Mais son initiative la plus importante reste sans doute le fameux Salon des Cent, simple exposition sans jury ni récompense. Organisé de 1894 à 1900, il connaîtra au total cinquante-trois éditions, d’une fréquence remarquable, alternant expositions monographiques et présentations collectives. La manifestation consacrée au peintre et décorateur Eugène Grasset du 5 au 25 avril 1894 est la première exposition particulière de La Plume.

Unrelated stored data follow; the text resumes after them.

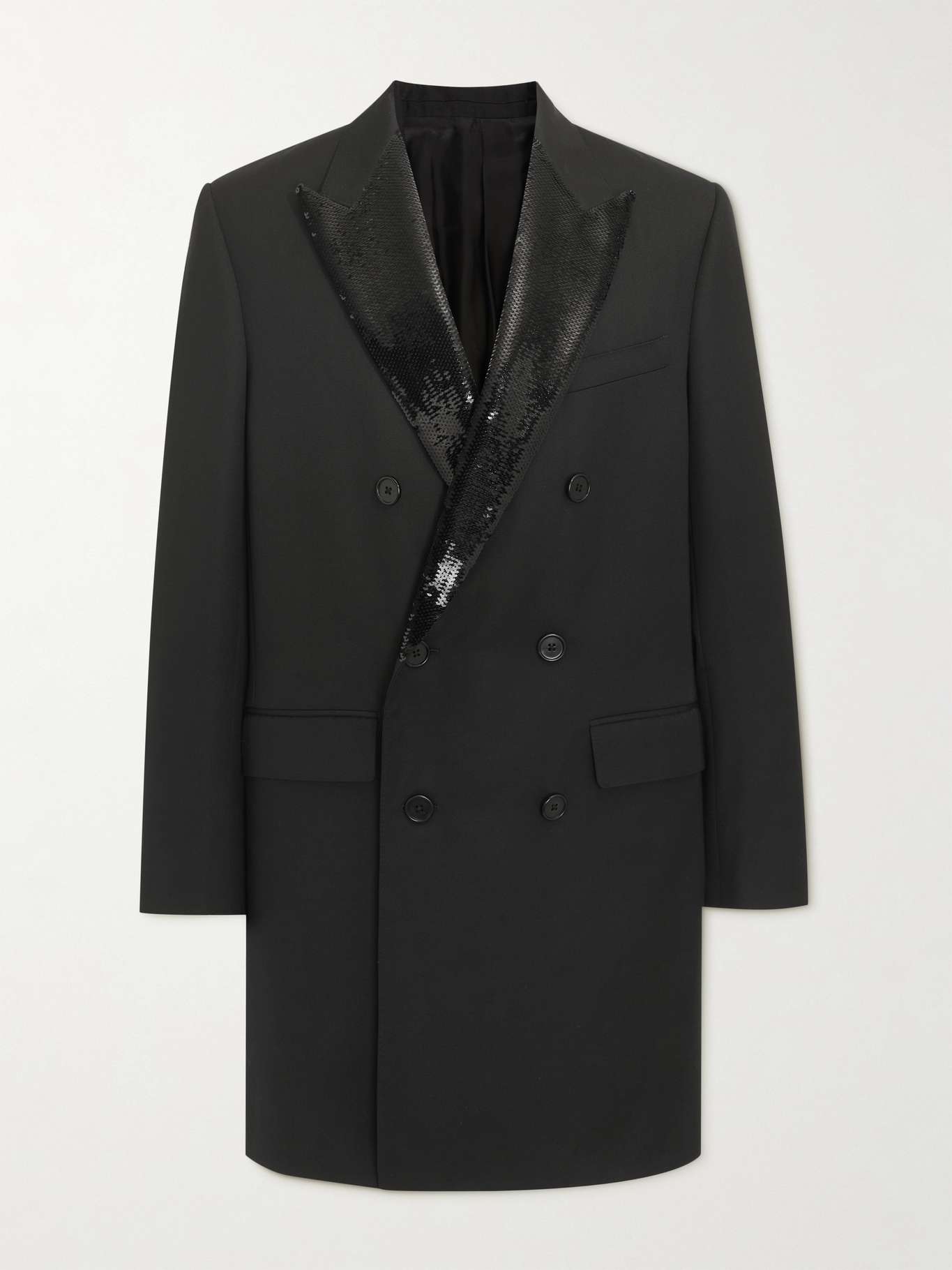 EXCLUSIVE AT MR PORTER. Much of CELINE HOMME's offering glistened in the Côte d'Azur sun during the SS22 presentation, and this coat is no exception - the peak lapels are embellished with sleek, dark sequins. It's tailored from weighty black wool in a classic double-breasted profile.
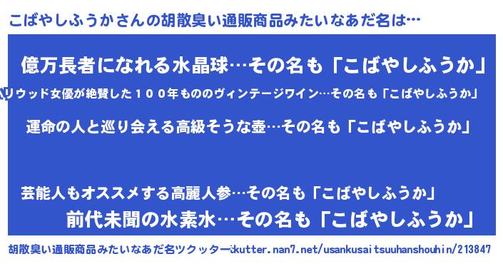 | 意味不明あだ名 | 『こばやしふうかフォーエバー』 |
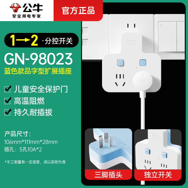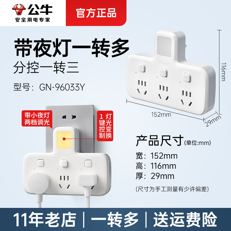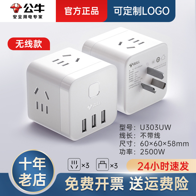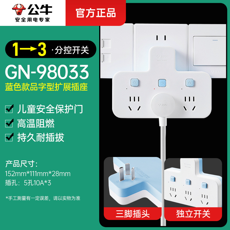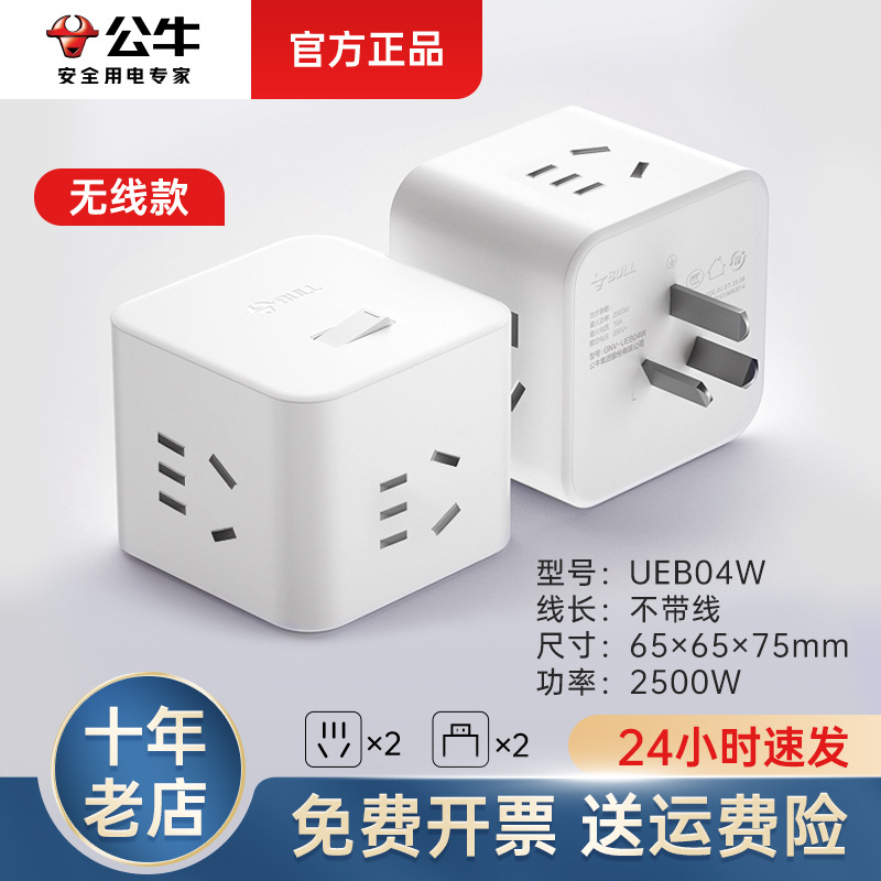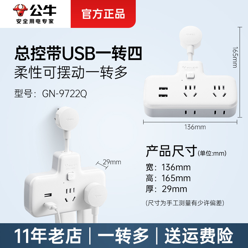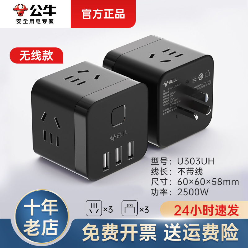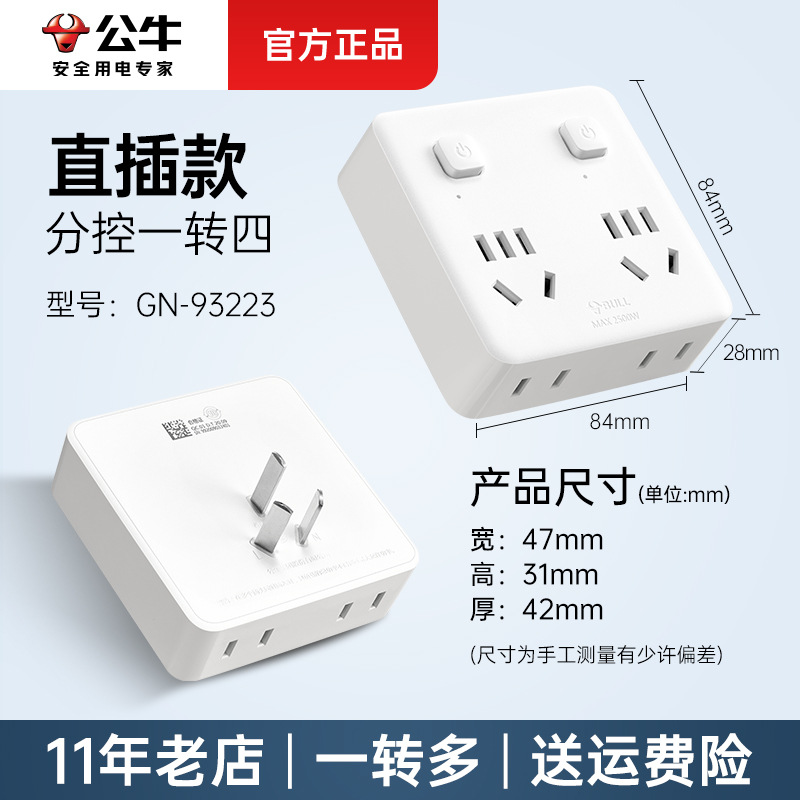公牛转换插座多功能插座一转多带线二三四转换器转换插头扩展插排
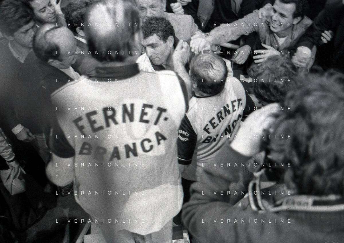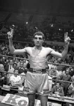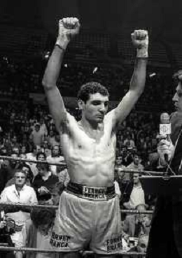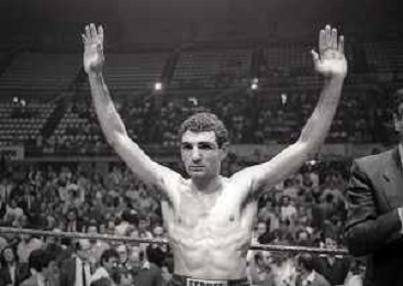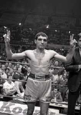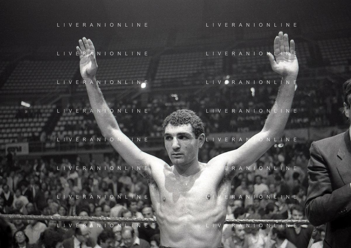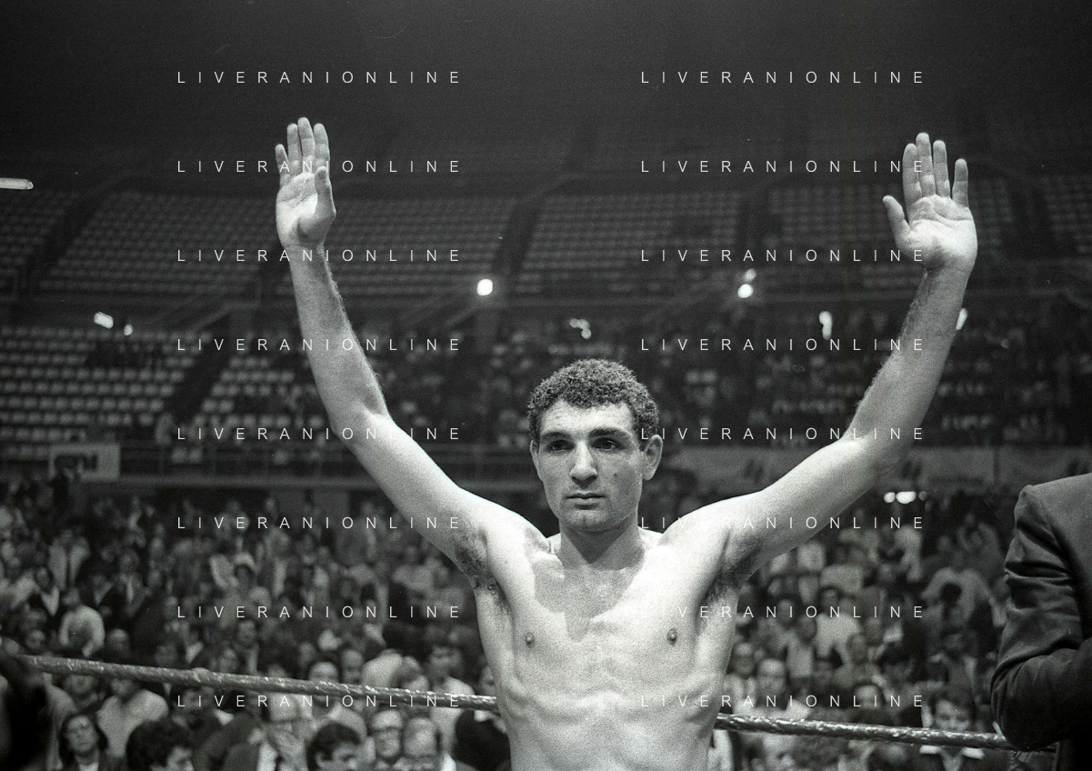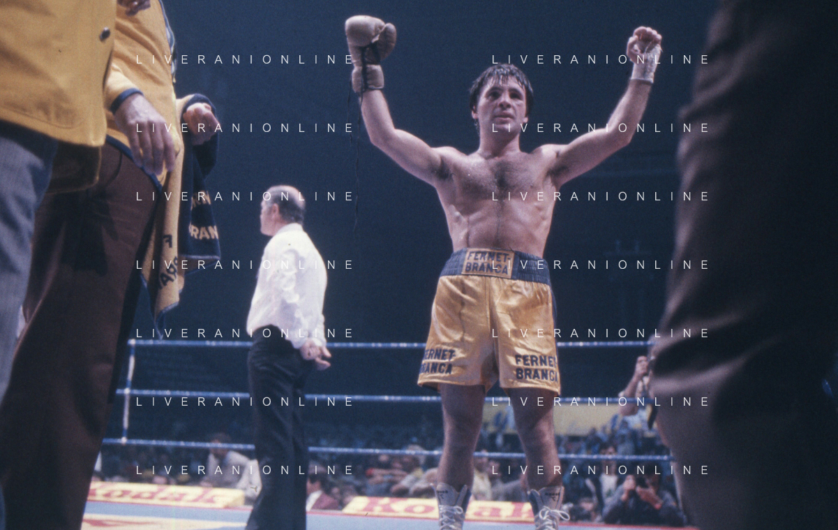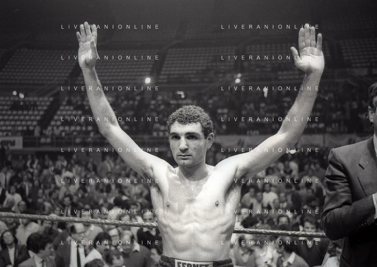 14-10-1983 MILANO CAMPIONATO EUROPEO DI PUGILATO INCONTRO TRA PATRIZIO OLIVA E JUAN JOSE' GIMENEZ NELLA FOTO PATRIZIO OLIVA VINCITORE DELL'INCONTRO AG ALDO LIVERANI SAS
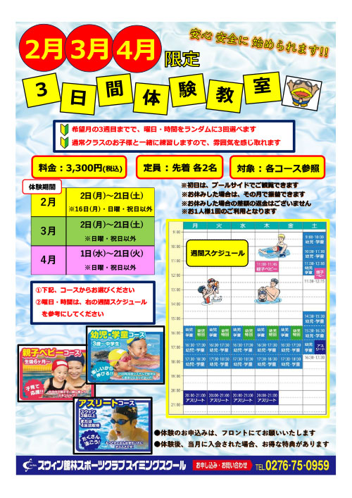2月・3月・4月限定【3日間体験教室】受付中!!!
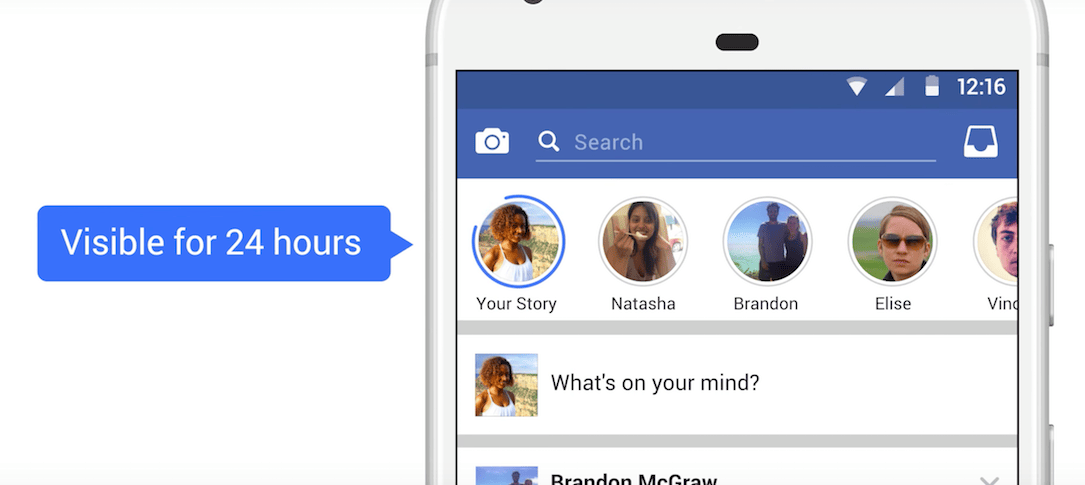 Dans sa version actuelle, les utilisateurs de Facebook qui vous ont partagé une Stories apparaissent dans la partie supérieure de votre fenêtre. Comme sur Snapchat, les Stories de Facebook sont accessibles 24 heures suivant leur publication.

La rédaction lui confie aussi la réalisation de l’affiche de présentation, reprise en couverture du numéro spécial qui lui est consacré.

Analyse des images

L’affiche d’Eugène Grasset : une allégorie des arts

Dans ce dessin préparatoire réalisé à la mine de plomb et à l’aquarelle, Grasset a figuré tous les éléments constitutifs de sa future affiche : il y a esquissé sur un fond bleu-vert le buste d’une femme vêtue de jaune, à l’épaisse chevelure brune, tenant un cahier de dessin dans une main et, dans l’autre, une plante qu’elle observe attentivement et un crayon. Inversée dans l’estampe définitive, cette allégorie des arts, muse intemporelle et contemplative, est emblématique des canons de l’Art nouveau par la prédominance des éléments végétaux. C’est un véritable symbole que Grasset a ainsi conçu pour la revue La Plume : comme Georges de Feure ou Alfons Mucha, les artistes seront nombreux à s’en inspirer.

Interprétation

La Plume et l’art de l’affiche

Chaque Salon des Cent est annoncé par une affiche inédite dont La Plume confie la réalisation à l’artiste exposé ou à un collaborateur pour les expositions de groupe. Cette production artistique régulière et systématique est l’un des éléments majeurs de la politique éditoriale et commerciale de la revue. Vendues en tant qu’œuvres d’art à part entière, ces affiches deviennent en effet des pièces de collection pour les amateurs, dont le nombre est croissant. La visibilité ainsi donnée à une forme alors en plein essor et en voie de reconnaissance s’inscrit plus largement dans l’engagement de La Plume en faveur du renouvellement des arts graphiques.

Bibliographie

Helen BIERI THOMSON (dir.), catalogue de l’exposition Les affiches du Salon des Cent : Bonnard, Ensor, Grasset, Ibels, Mucha, Toulouse-Lautrec, Gingins, Fondation Neumann, 13 janvier-26 mars 2000, musée de Pont-Aven, 3 février-19 mars 2001, Bordeaux, musée des Arts décoratifs, 17 mai-19 août 2001, Gingins, Fondation Neumann, 2000.
Jean-Michel NECTOUX, Grégoire TONNET et Nicholas-Henry ZMELTY, catalogue de l’exposition La Plume 1889-1899, une revue pour l’art, Paris, Institut national d’histoire de l’art, galerie Colbert, 15 février-14 avril 2007, Paris, I.N.H.A., 2007.
Jocelyne VAN DEPUTTE, Le Salon des Cent : 1894-1900, affiches d’artistes, Paris, Paris-Musées, 1994.